The signed https certificate chain that is output by this script can be used along with your private key to run an https server. You need to include them in the https settings in your web server's configuration. Here's an example on how to configure an nginx server:

server {
    listen 443 ssl;
    server_name yoursite.com www.yoursite.com;

    ssl_certificate /path/to/signed_chain.crt;
    ssl_certificate_key /path/to/domain.key;
    ssl_session_timeout 5m;
    ssl_protocols TLSv1.2;
    ssl_ciphers ECDHE-RSA-AES256-GCM-SHA384:ECDHE-RSA-AES128-GCM-SHA256:DHE-RSA-AES256-GCM-SHA384;
    ssl_session_cache shared:SSL:50m;
    ssl_dhparam /path/to/server.dhparam;
    ssl_prefer_server_ciphers on;

    ...the rest of your config
}

server {
    listen 80;
    server_name yoursite.com www.yoursite.com;

    location /.well-known/acme-challenge/ {
        alias /var/www/challenges/;
        try_files $uri =404;
    }

    ...the rest of your config
}

Step 6: Setup an auto-renew cronjob

Congrats! Your website is now using https! Unfortunately, Let's Encrypt certificates only last for 90 days, so you need to renew them often. No worries! It's automated! Just make a bash script and add it to your crontab (see below for example script).

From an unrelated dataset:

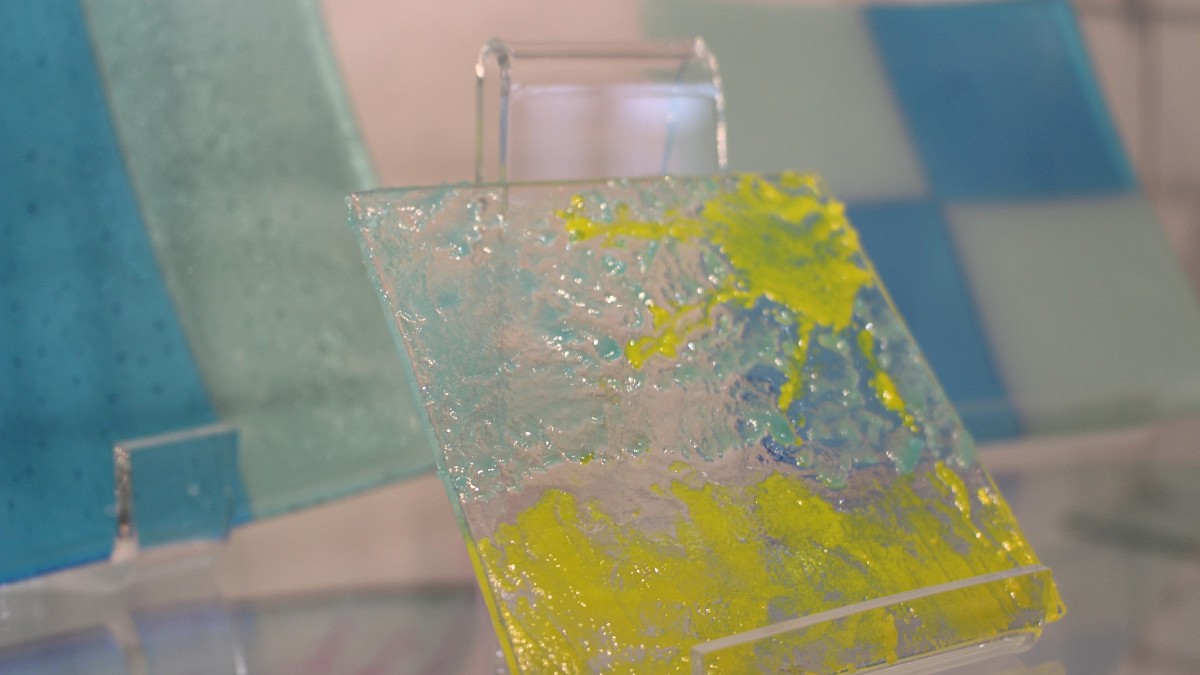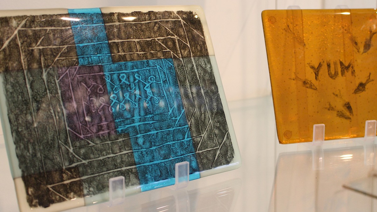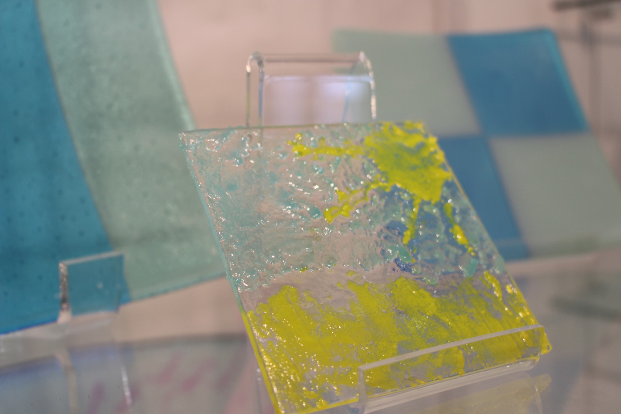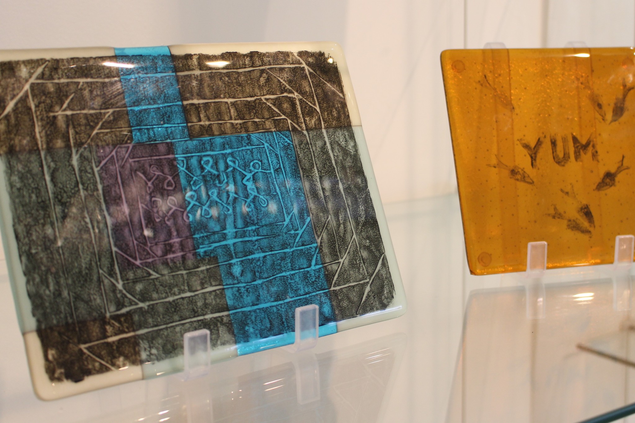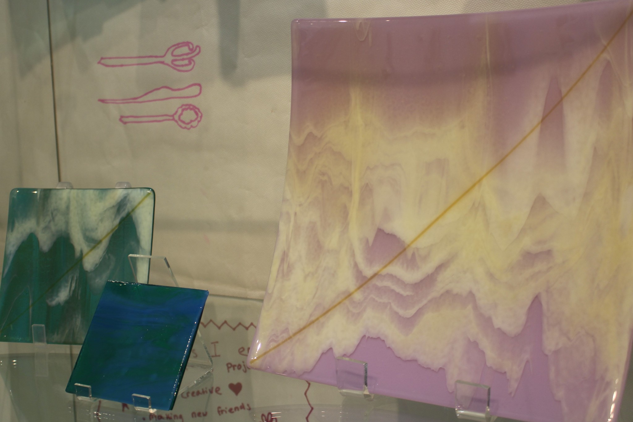 The artworks are an outcome from a series of workshops led by designer Niela Kalra and artist Katie Leask, of Nielanell knitwear in Hoswick. Meeting each week, the group explored glass fusing techniques using Bullseye glass, and were involved in every aspect of designing, cutting and fusing the glass. They experimented with printing and painting onto surfaces and glass slumping. The group also learned about firing the glass in kilns, and the theories behind the programming of the kilns.

Example of a renew_cert.sh:

#!/usr/bin/sh
python /path/to/acme_tiny.py --account-key /path/to/account.key --csr /path/to/domain.csr --acme-dir /var/www/challenges/ > /path/to/signed_chain.crt.tmp || exit
mv /path/to/signed_chain.crt.tmp /path/to/signed_chain.crt
service nginx reload

# Example line in your crontab (runs once per month)
0 0 1 * * /path/to/renew_cert.sh 2>> /var/log/acme_tiny.log

NOTE: Since Let's Encrypt's ACME v2 release (acme-tiny 4.0.0+), the intermediate certificate is included in the issued certificate download, so you no longer have to independently download the intermediate certificate and concatenate it to your signed certificate. If you have an shell script or Makefile using acme-tiny <4.0 (e.g. before 2018-03-17) with acme-tiny 4.0.0+, then you may be adding the intermediate certificate to your signed_chain.crt twice (which causes issues with at least GnuTLS 3.7.0 besides making the certificate slightly larger than it needs to be). To fix, simply remove the bash code where you're downloading the intermediate and adding it to the acme-tiny certificate output.

Permissions

The biggest problem you'll likely come across while setting up and running this script is permissions. You want to limit access to your account private key and challenge web folder as much as possible. I'd recommend creating a user specifically for handling this script, the account private key, and the challenge folder. Then add the ability for that user to write to your installed certificate file (e.g. /path/to/signed_chain.crt) and reload your webserver. That way, the cron script will do its thing, overwrite your old certificate, and reload your webserver without having permission to do anything else.

BE SURE TO:

  • Backup your account private key (e.g. account.key)
  • Don't allow this script to be able to read your domain private key!
  • Don't allow this script to be run as root!

Staging Environment

Let's Encrypt recommends testing new configurations against their staging servers, so when testing out your new setup, you can use --directory-url https://acme-staging-v02.api.letsencrypt.org/directory to issue fake test certificates instead of real ones from Let's Encrypt's production servers. See https://letsencrypt.org/docs/staging-environment/ for more details.

Feedback/Contributing

This project has a very, very limited scope and codebase. I'm happy to receive bug reports and pull requests, but please don't add any new features. This script must stay under 200 lines of code to ensure it can be easily audited by anyone who wants to run it.

If you want to add features for your own setup to make things easier for you, please do! It's open source, so feel free to fork it and modify as necessary.